7. Pre-Production Checklist ✅
- Verify Google Sheets input data includes correct service names and URLs
- Test Apify web search and scraping APIs independently for quota and proxy correctness
- Confirm LangChain Google Gemini API keys configured and authorized
- Run manual tests triggering the workflow and check that nodes execute successfully with expected outputs
- Backup your Google Sheets data before running automated updates
8. Deployment Guide
Activate the workflow in your n8n environment and schedule it to run at desired intervals or trigger manually. Monitor execution logs in n8n for errors or performance issues. Use Google Sheets as your dashboard for progress tracking and Google Drive for output management. Adjust node parameters as needed based on workload.
9. FAQs
Q: Can I replace Apify with another search or scraping service?
A: Yes, you can replace HTTP Request configurations with alternative APIs that provide similar search and scrape capabilities, adjusting request parameters accordingly.
Q: Does this workflow consume a lot of API credits?
A: Usage depends on the volume of services and pages scraped.
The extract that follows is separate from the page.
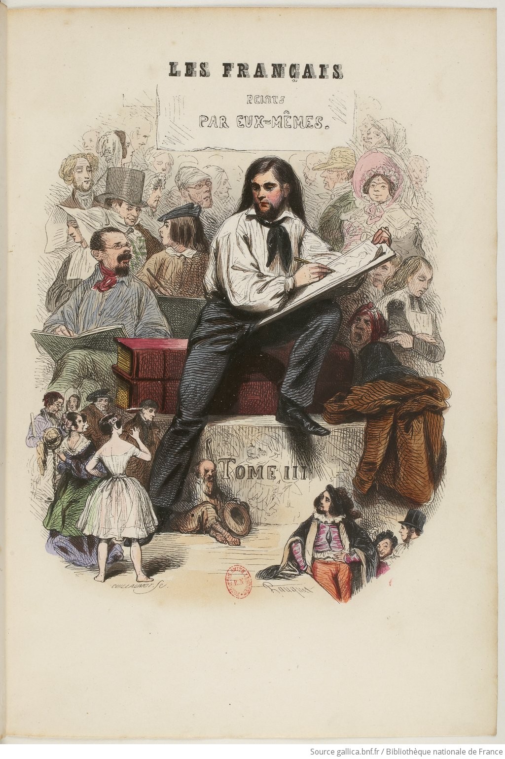 В моем предисловии к книге 2014 года можно найти более подробный рассказ о том, что задумал и осуществил издатель Кюрмер. Здесь я лишь коротко перечислю основные особенности его, выражаясь современным языком, проекта. В 1830-е годы французов, и прежде всего парижан, охватила, по выразительному определению французского историка Жюдит Лион-Каэн, «эпидемия коллективного самоанализа». Вышли пятнадцатитомное издание «Париж, или Книга Ста и одного» (1831–1834) и семитомная «Новая картина Парижа» (1834-1835). В этих книгах очерки, посвященные людям, соседствовали с рассказами об определенных местах и заведениях. Тем временем в Англии с 1838 года выходила — сначала, как это было заведено в ту эпоху, отдельными выпусками — книга Heads of the People, or Portraits of the English; название это принято переводить как «Образы народа, или Портреты англичан», хотя слово head дословно означает голову или лицевую сторону монеты с изображением головы, и в книге каждый очерк в самом деле сопровождался поясным портретом героя, то есть, в сущности, его головы. Это был коллективный сборник — описания разных английских типов с иллюстрациями художника Кенни Мидоуза. Кюрмер в 1839–1840 годах выпустил его французский перевод с теми же иллюстрациями, но с новым названием: «Англичане, нарисованные ими самими». Но на этом он не остановился и захотел повторить тот же опыт применительно к своим соотечественникам. Задуман был один том из 48 выпусков, но в результате получилось целых девять томов, опубликованных (тоже первоначально отдельными выпусками, которые в конце года переплетались в цельный том) с мая 1839 по конец 1842 года под общим названием «Французы, нарисованные ими самими. Моральная энциклопедия XIX века»: четыре тома, посвященных Парижу, три — посвященных провинции, один (пятый) — включающий в себя статьи об армии, а также некоторые другие из категории «разное», и, наконец, бесплатный девятый том под названием «Призма», приютивший мелкие статьи, не поместившиеся в основные тома. Книга была иллюстрированная, по примеру английского издания, но если у англичан художник был один и ограничивался «головами», то Кюрмер пригласил разных художников, и рисовали они ростовые портреты своих персонажей; именно такие портреты именовались «типами».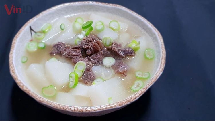 Món canh thịt bò kiểu Hàn Quốc nấu cùng củ cải cho thêm vị ngọt, thịt bò đậm đà kết hợp cùng nước súp thanh đạm, ngọt dịu của củ cải tạo nên hương vị khó quên.

Monitor your API limits and optimize parameters like resultsPerPage and max pages accordingly.
Q: Is my data safe processing through Apify and Google APIs?
A: Ensure you comply with each service’s data privacy and usage policies. Use secure authentication and limit scope where possible.
Q: How does the vector store help?
A: It enables fast retrieval and semantic search of large document contents for future queries or expansions of this workflow.
10. Conclusion
By completing this tutorial, you have automated the complex, repetitive process of researching, scraping, and extracting API documentation using n8n integrated with AI-driven Google Gemini models, Apify web scraping, and Google Workspace tools. This workflow saves countless hours monthly and produces structured, actionable API schemas ready for your development teams.
Next steps could be to extend this workflow for continuous monitoring of API doc changes, integrate notifications via Slack or email for updates, or build a REST API from the gathered schema data for external access.
Let’s empower your team with precise API knowledge — automated and always up to date.